▶ Exercise description: Restate, word for word, each entry that follows, but skip its pictures.

Data items
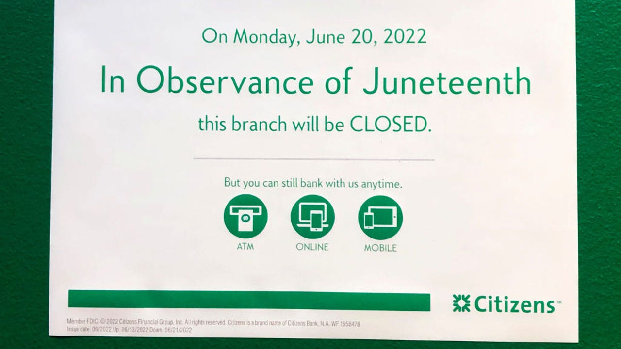 The Federal Reserve is observing Juneteenth on Monday, which means most banks will be closed.
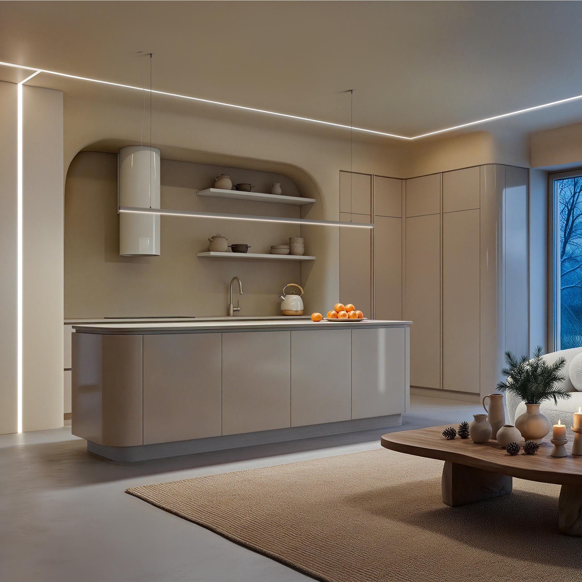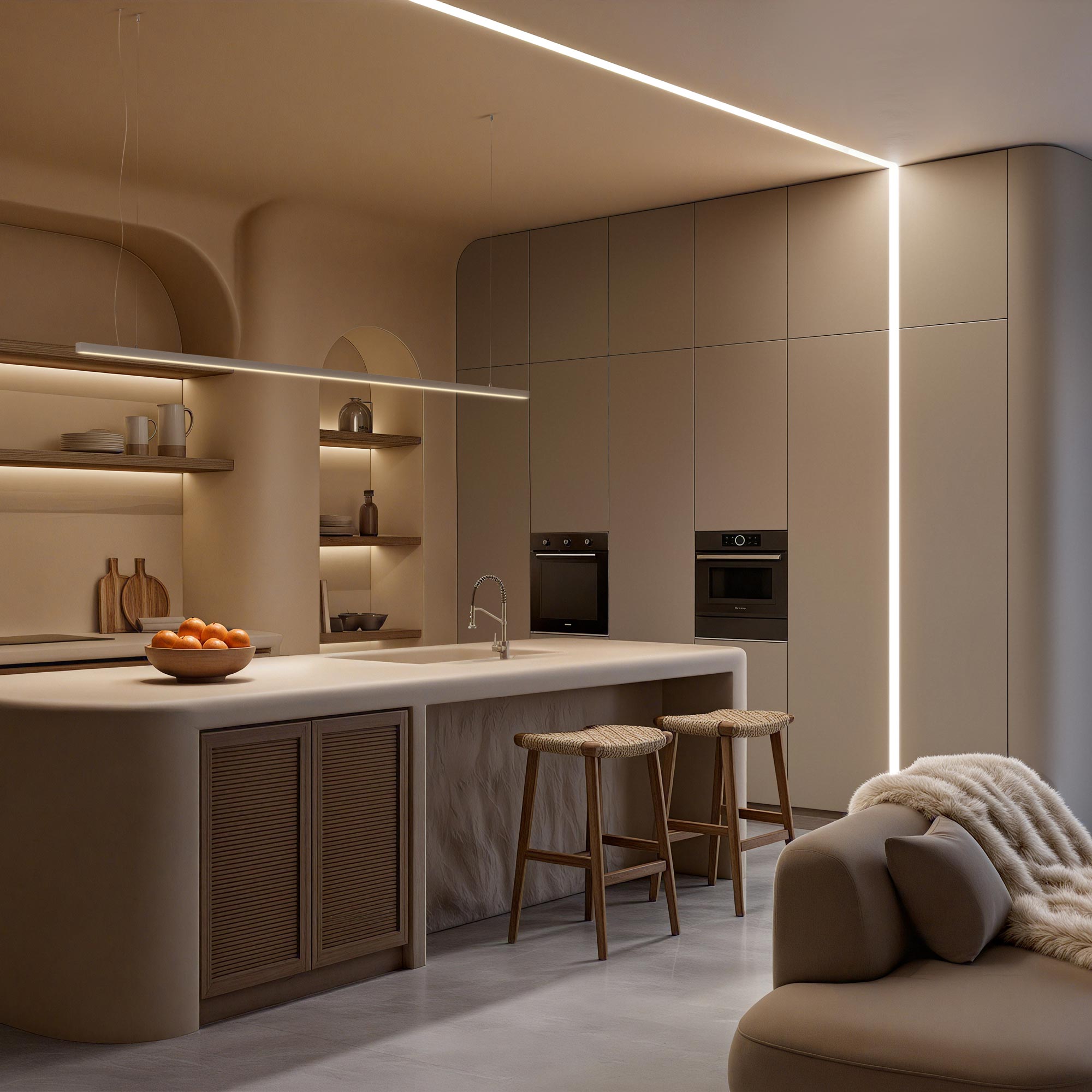 Подвесной/накладной профиль из анодированного алюминия для основного освещения и контурной подсветки.
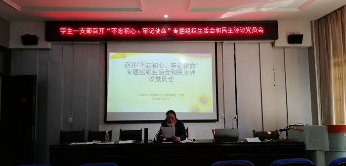 2019127日学院员工一支部在院办111会议室召开支部党员大会,会议主题不忘初心、牢记使命专题组织生活会和民主评议党员会,会议由支部书记谢菊英同志主持,支部全体党员出席会议。
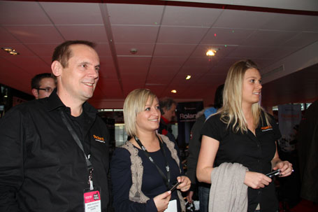 jeroen Ravesloot (DG Roland Europe) agréablement accompagné par le staff féminin Roland Europe
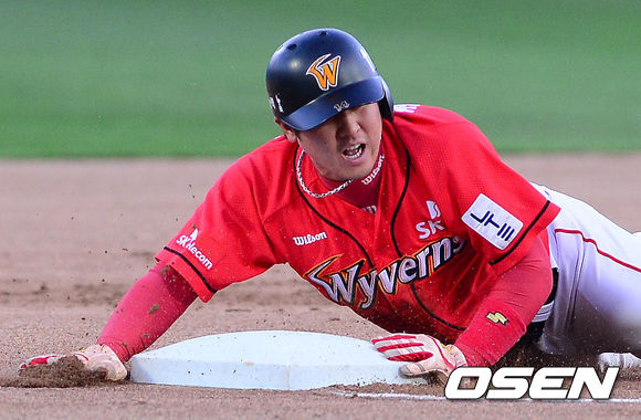 24일 오후 부산 사직구장에서 열린 '2013 한국야쿠르트 세븐 프로야구' 롯데 자이언츠와 SK 와이번스의 경기 1회초 2사 1루 한동민의 좌익수 앞 1루타, 최정이 3루까지 쇄도해 세이프되고 있다.
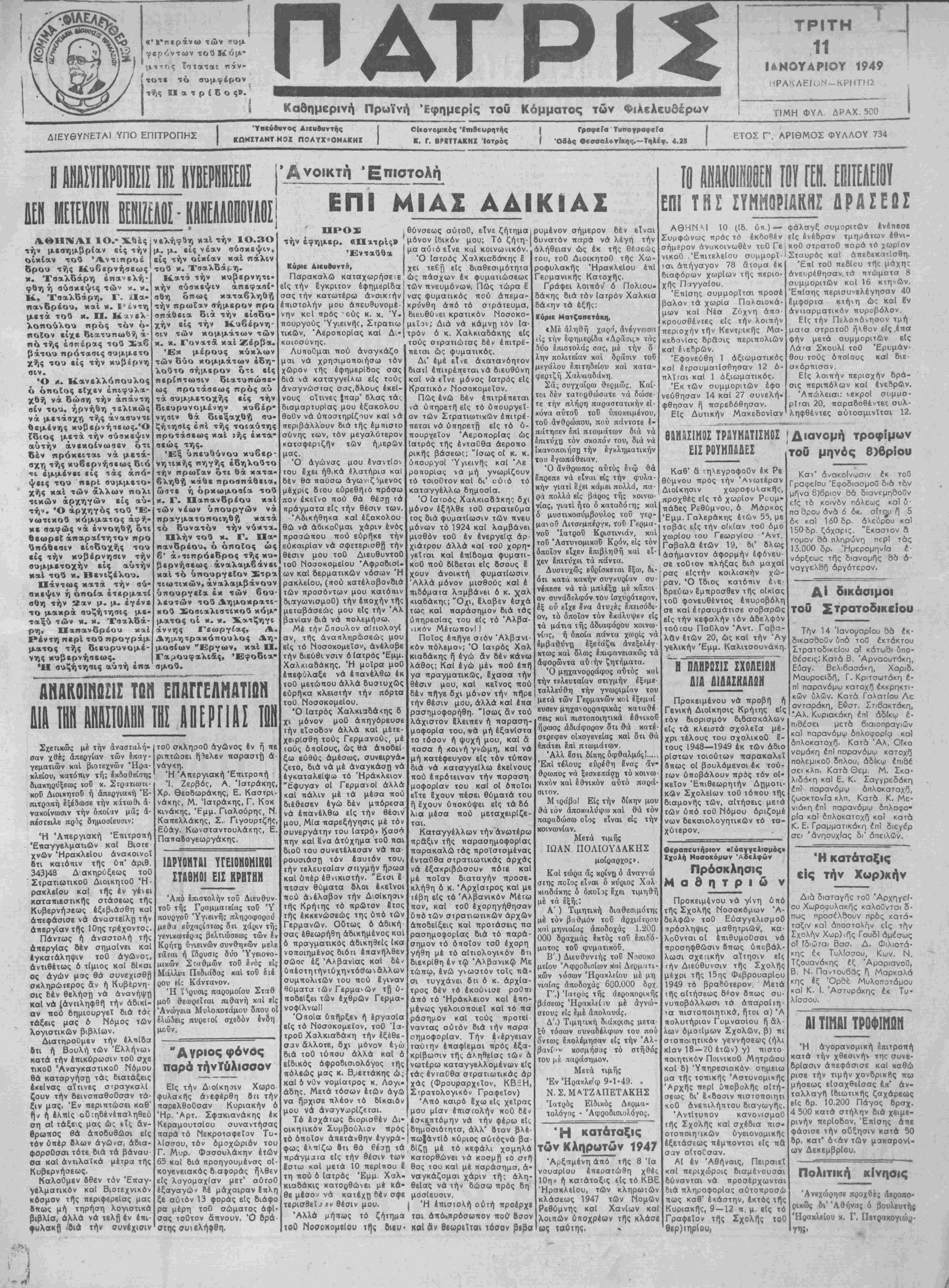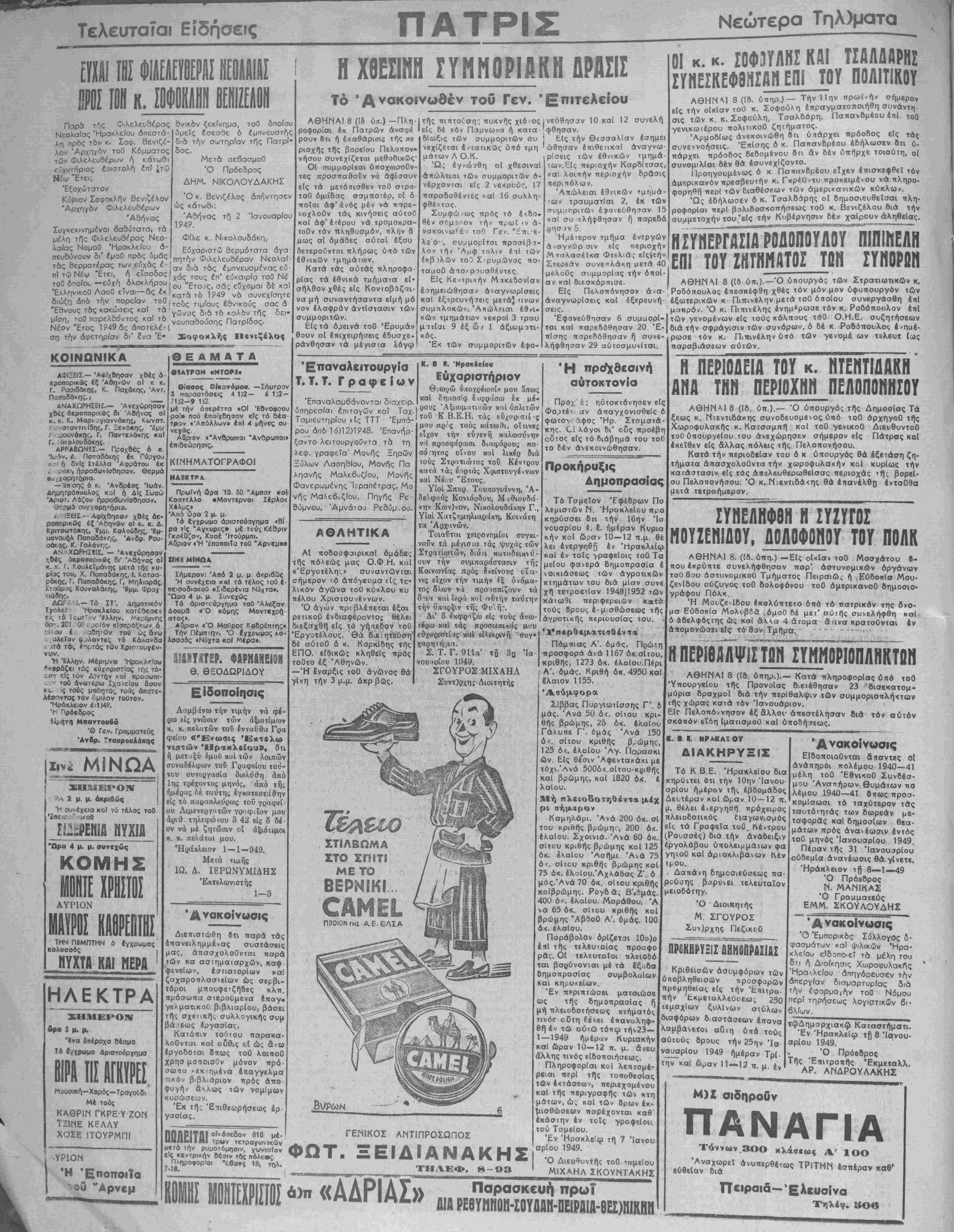Κατ<* την κυβερνητι¬ κήν σύσκεψιν απεφασί¬ σθη όπως καταβληθή την πρωΐαν σήμερον προ σπάθεια διά την είσδο- χήν είς την Κυβέρνη¬ σιν των κομμάτων των κ. κ. Γονατά καί Ζερβά. Έκ μέρους κύκλων των δύο κομμάτων έδη- λούτο σήμερον ότι είς περίπτωσιν διατυπώαε- ως προτάσεως πρός αύ τα αυμμετοχής είς την διευρυνομένην κυβέρ¬ νησιν Θά διεξαχθή συ- ζήτηαίς επί τής τοιαύτης προτάσεως καΐ «ής έκτα' σεώς της. Έξ ύπευθύνου κυβερ¬ νητικάς πηγής έδηλούτο την πρωΐαν ότι θά κατα- βληθή κάθε προσπαθεία, ωατε ή όρκωμοσία τού κ. Γ. Παπανδρέου καί των νέων ύπουργών νά πραγματοποιηθή κατά τό δυνατόν την νύκτα, Πλήν τού κ. Γ. Πα· πανδρέου, ό οποίος ώς β' ά»τιπροεδρος τής κυ βερνήαεως άναλαμβάνει καί τό υπουργείον Στρα τιωτιχών» άναλαμβάνουν υπουργείω έκ των 6ου- λευτών τού Δημοκρατι- χθύ Σοσιαλιστικοΰ κόμ¬ ματος οί κ. κ. Χ,ατζηγι άννης Γεωργίας, Α. Δημητρακόπουλος Δη- μοσίων "Έργων, καΐ Π. Γαμουφαλιάς, Έφοδι»" ομού. ΑΝΑΚΟ1ΝΩΙΙΣ ΤΩΝ ΕΠΑΓΓΕΛΜΑΤΙΩΝ ΤΗ! ΑΟΕΡΓΙΑΙΙ Σχετικώς μέ την άνασταλή- σαν χθέ; απεργίαν των Ιπαγ- γεματιών καί βιοΐεχνών Ηρα¬ κλείου, κατόπιν τή; έκδοθείσης διακηρύξβως τού κ. Στρατιωτι¬ κόν Διοικηΐου ή άπεργιαχή Έ- πιτροτιή εξέδωσβ την κάτωθι α¬ νακοίνωσιν την οποίαν μα; ά- πέσιειλβ πρός δημοσίευσιν: Ή Άπεργιακή Έπιτροπή 'Επαγγελματιών καί Βιοτε χνών Ηρακλείου ανακοινοί ότι κατόπιν τής ύπ' αριθ. 343)48 Δακηρύξεως τοϋ Στρατιωτικοθ ΔιοικητοΟ Η¬ ρακλείου καί τής έν γένει καταπιβστικής στάσεως τής Κυβερνήσεως έξεβιάσθη καί απεφάσισε νά αναστείλη την απεργίαν τής 10ης τρέχοντο;. Πάντως ή άναστολή τής άπεργΐας δέν σημσΐνει καΐ έγκαΐάληψιν τοθ αγώνος, αντιθέτως ό τίμιος καΐ δίκαι ος αγών μος θά συνεχισθή οχληρώτερος αν ή Κυβέρνη¬ σις δέν θελήση νά άνανήψη Καΐ νά [αντιληφθή την αδικί¬ αν πού δημιουργεΐ διά ίάο τάξεις μας ό Νόμος των λογιστικήν βιβλΐων. Διατηροθμεν την έλπΐδα δτι ή Βουλή των Έλλήνων κατά την έπικύρωσιν τοθ σχε τικοθ Άναγκαστικοθ Νόμου θά καταργήση τάς διατάξεις έκεΐνας οΐτινες στραγκαλί ζουν την δεινοπαθοθσαν τά¬ ξιν μας. Έν περιπτώσει καθ' ην ή ελπίς οΟ;ηδένέπσληθεύ οη αί τάξβις μας ώς είς άν- βρωπος θά άποδυθώσι είς Τόν υπέρ δλων άγώνσ, άδια- φθρθθσαι τότε διά τα βάναυ θα καΐ άντιλαϊκά μέτρα τής Κυββρνήσεως. Καλοθμβν δθεν τόν Έπαγ- γβλματικόν καΐ Βιοτεχνικόν κόσμον τής περιφερείας μας βτΐως μή τηρήση λογιστικά βφλίσ, άλλά νά τέλη έν επι θυλακθ /διά την συνέχισιν τοθ σκληροθ αγώνος έν ή πε ριπτώσει ήθελεν παραστη ά νάγκη. Ή Άτιεργιακή Έπιτροπή Ί. Ζερβός, Α. Ίατράκης, Χρ. Θεοδωράκης, Ε. Καστρι¬ νάκη;;, Μ. Ίατράκης, Γ. Κοκ κινάκης, Έμμ. Γιαλούρης, Ν. Καπελλάκης, Σ. Γιγουρτζής, Εύαγ. Κωνσταντουλάκης, Ε. Παηαδογεωργάκης. ΙΔΡΥΟΗΤ&1 ΥΓΕΙ0Η0Η1Κ01 ΙΤΑΘΜΟ1 ΕΙΣ ΚΡΗΤΗΝ 9Ακ6 επιστολήν τοΰ Διευθυν¬ τού τής Γραμματείας τοθ 'Υ πουργοΰ Ύγιεινής πληροφοοού μεθα ευχαρίστως δα χάριν τής γενικωτέρας βελτιώσβως των έν Κρήττ] ύγιεινών συνθηχόόν μελε ϊάται ή ίδρυσις δύο Ύγβιονο- μικών Σταθμών τοθ Ινός είς Μάλλια Πεδιάδος καί τοΰ έ (έ ρου είς Κάντανον. 'Η Ίδρυσις παρομοίου Σταθ μού θεωρεΪΓαι πιθανή καί είς 'Ανώγεια Μυλοποτάμου δπου οί έλάώεις πυρεΐοί σχεδόν ένοη μοΰν. "ΑΥΡΐος φόνος παρά τήνΤύλισσον Είς την Διοίκησιν ρ φυλακής άνεφέρθη δα την παρελθούσαν Κυριακήν ό Ήρ. Αρτ. Σφακιανάκης έκ ΚεραμουτσΙου συναντήσας παρά τό Νεκροταφείον Τυ¬ λίσσου, τόν ομοχώριον τού Γ. Μυρ. Φασουλάκην έτών 65 καί διά προηγουμένας οΐ- κογενειακάς διαφοράς ή.θεν είς λογομαχΐαν μβτ' αύτοθ έξαγαγών 8έ μάχαιραν Ι

▶ Final answer:
 The Federal Reserve is observing Juneteenth on Monday, which means most banks will be closed.
 Подвесной/накладной профиль из анодированного алюминия для основного освещения и контурной подсветки.
 2019127日学院员工一支部在院办111会议室召开支部党员大会,会议主题不忘初心、牢记使命专题组织生活会和民主评议党员会,会议由支部书记谢菊英同志主持,支部全体党员出席会议。
 jeroen Ravesloot (DG Roland Europe) agréablement accompagné par le staff féminin Roland Europe
 24일 오후 부산 사직구장에서 열린 '2013 한국야쿠르트 세븐 프로야구' 롯데 자이언츠와 SK 와이번스의 경기 1회초 2사 1루 한동민의 좌익수 앞 1루타, 최정이 3루까지 쇄도해 세이프되고 있다.
Κατ<* την κυβερνητι¬ κήν σύσκεψιν απεφασί¬ σθη όπως καταβληθή την πρωΐαν σήμερον προ σπάθεια διά την είσδο- χήν είς την Κυβέρνη¬ σιν των κομμάτων των κ. κ. Γονατά καί Ζερβά. Έκ μέρους κύκλων των δύο κομμάτων έδη- λούτο σήμερον ότι είς περίπτωσιν διατυπώαε- ως προτάσεως πρός αύ τα αυμμετοχής είς την διευρυνομένην κυβέρ¬ νησιν Θά διεξαχθή συ- ζήτηαίς επί τής τοιαύτης προτάσεως καΐ «ής έκτα' σεώς της. Έξ ύπευθύνου κυβερ¬ νητικάς πηγής έδηλούτο την πρωΐαν ότι θά κατα- βληθή κάθε προσπαθεία, ωατε ή όρκωμοσία τού κ. Γ. Παπανδρέου καί των νέων ύπουργών νά πραγματοποιηθή κατά τό δυνατόν την νύκτα, Πλήν τού κ. Γ. Πα· πανδρέου, ό οποίος ώς β' ά»τιπροεδρος τής κυ βερνήαεως άναλαμβάνει καί τό υπουργείον Στρα τιωτιχών» άναλαμβάνουν υπουργείω έκ των 6ου- λευτών τού Δημοκρατι- χθύ Σοσιαλιστικοΰ κόμ¬ ματος οί κ. κ. Χ,ατζηγι άννης Γεωργίας, Α. Δημητρακόπουλος Δη- μοσίων "Έργων, καΐ Π. Γαμουφαλιάς, Έφοδι»" ομού. ΑΝΑΚΟ1ΝΩΙΙΣ ΤΩΝ ΕΠΑΓΓΕΛΜΑΤΙΩΝ ΤΗ! ΑΟΕΡΓΙΑΙΙ Σχετικώς μέ την άνασταλή- σαν χθέ; απεργίαν των Ιπαγ- γεματιών καί βιοΐεχνών Ηρα¬ κλείου, κατόπιν τή; έκδοθείσης διακηρύξβως τού κ. Στρατιωτι¬ κόν Διοικηΐου ή άπεργιαχή Έ- πιτροτιή εξέδωσβ την κάτωθι α¬ νακοίνωσιν την οποίαν μα; ά- πέσιειλβ πρός δημοσίευσιν: Ή Άπεργιακή Έπιτροπή 'Επαγγελματιών καί Βιοτε χνών Ηρακλείου ανακοινοί ότι κατόπιν τής ύπ' αριθ. 343)48 Δακηρύξεως τοϋ Στρατιωτικοθ ΔιοικητοΟ Η¬ ρακλείου καί τής έν γένει καταπιβστικής στάσεως τής Κυβερνήσεως έξεβιάσθη καί απεφάσισε νά αναστείλη την απεργίαν τής 10ης τρέχοντο;. Πάντως ή άναστολή τής άπεργΐας δέν σημσΐνει καΐ έγκαΐάληψιν τοθ αγώνος, αντιθέτως ό τίμιος καΐ δίκαι ος αγών μος θά συνεχισθή οχληρώτερος αν ή Κυβέρνη¬ σις δέν θελήση νά άνανήψη Καΐ νά [αντιληφθή την αδικί¬ αν πού δημιουργεΐ διά ίάο τάξεις μας ό Νόμος των λογιστικήν βιβλΐων. Διατηροθμεν την έλπΐδα δτι ή Βουλή των Έλλήνων κατά την έπικύρωσιν τοθ σχε τικοθ Άναγκαστικοθ Νόμου θά καταργήση τάς διατάξεις έκεΐνας οΐτινες στραγκαλί ζουν την δεινοπαθοθσαν τά¬ ξιν μας. Έν περιπτώσει καθ' ην ή ελπίς οΟ;ηδένέπσληθεύ οη αί τάξβις μας ώς είς άν- βρωπος θά άποδυθώσι είς Τόν υπέρ δλων άγώνσ, άδια- φθρθθσαι τότε διά τα βάναυ θα καΐ άντιλαϊκά μέτρα τής Κυββρνήσεως. Καλοθμβν δθεν τόν Έπαγ- γβλματικόν καΐ Βιοτεχνικόν κόσμον τής περιφερείας μας βτΐως μή τηρήση λογιστικά βφλίσ, άλλά νά τέλη έν επι θυλακθ /διά την συνέχισιν τοθ σκληροθ αγώνος έν ή πε ριπτώσει ήθελεν παραστη ά νάγκη. Ή Άτιεργιακή Έπιτροπή Ί. Ζερβός, Α. Ίατράκης, Χρ. Θεοδωράκης, Ε. Καστρι¬ νάκη;;, Μ. Ίατράκης, Γ. Κοκ κινάκης, Έμμ. Γιαλούρης, Ν. Καπελλάκης, Σ. Γιγουρτζής, Εύαγ. Κωνσταντουλάκης, Ε. Παηαδογεωργάκης. ΙΔΡΥΟΗΤ&1 ΥΓΕΙ0Η0Η1Κ01 ΙΤΑΘΜΟ1 ΕΙΣ ΚΡΗΤΗΝ 9Ακ6 επιστολήν τοΰ Διευθυν¬ τού τής Γραμματείας τοθ 'Υ πουργοΰ Ύγιεινής πληροφοοού μεθα ευχαρίστως δα χάριν τής γενικωτέρας βελτιώσβως των έν Κρήττ] ύγιεινών συνθηχόόν μελε ϊάται ή ίδρυσις δύο Ύγβιονο- μικών Σταθμών τοθ Ινός είς Μάλλια Πεδιάδος καί τοΰ έ (έ ρου είς Κάντανον. 'Η Ίδρυσις παρομοίου Σταθ μού θεωρεΪΓαι πιθανή καί είς 'Ανώγεια Μυλοποτάμου δπου οί έλάώεις πυρεΐοί σχεδόν ένοη μοΰν. "ΑΥΡΐος φόνος παρά τήνΤύλισσον Είς την Διοίκησιν ρ φυλακής άνεφέρθη δα την παρελθούσαν Κυριακήν ό Ήρ. Αρτ. Σφακιανάκης έκ ΚεραμουτσΙου συναντήσας παρά τό Νεκροταφείον Τυ¬ λίσσου, τόν ομοχώριον τού Γ. Μυρ. Φασουλάκην έτών 65 καί διά προηγουμένας οΐ- κογενειακάς διαφοράς ή.θεν είς λογομαχΐαν μβτ' αύτοθ έξαγαγών 8έ μάχαιραν Ι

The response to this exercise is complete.